This manuscript presents an interesting application of machine learning (ML) methods for downscaling particle number size distributions from a global climate model. The topic is relevant for improving exposure estimates in air quality studies and refining global climate model outputs. The authors provide a detailed description of the methods and an extensive discussion of the results. However, the manuscript would benefit from significant revisions to improve its clarity in the methodology and results. In particular, several aspects of the study design, including the choice and justification of ML methods, the feature selection strategy and the interpretation of SHAP results, require clearer explanations and additional justification. In its current form, I believe the manuscript requires major revisions before it can be considered for publication.
General comments:
- In Section 2, the description of the climate simulation with the global climate model would benefit from a clearer explanation of which model outputs are compared with aerosol measurements.

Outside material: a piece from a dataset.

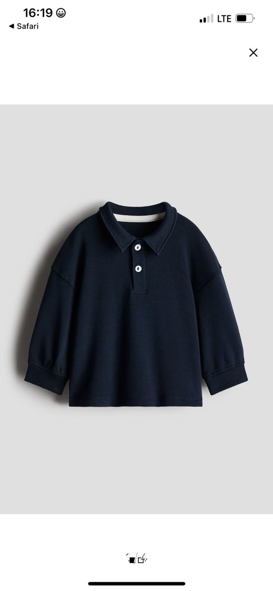Erkek çocuk için düğmeli polo yaka, uzun kollu sweatshirt. Rahat kesimli, yumuşak ve sıcak kumaştan, lacivert renkte sade tasarım. Az kullanıldı 4-6 aya uyumlu

The text mentions that the SALSA 2.0 module discretizes the aerosol size distribution into ten size classes, but it is not entirely clear how these classes are defined and whether any conversions or postprocessing steps are applied before comparison with the measurements. While some of this information is briefly introduced later in Section 3 (lines 130–132), it would improve clarity to include this explanation earlier in Section 2, when the SALSA module is first introduced.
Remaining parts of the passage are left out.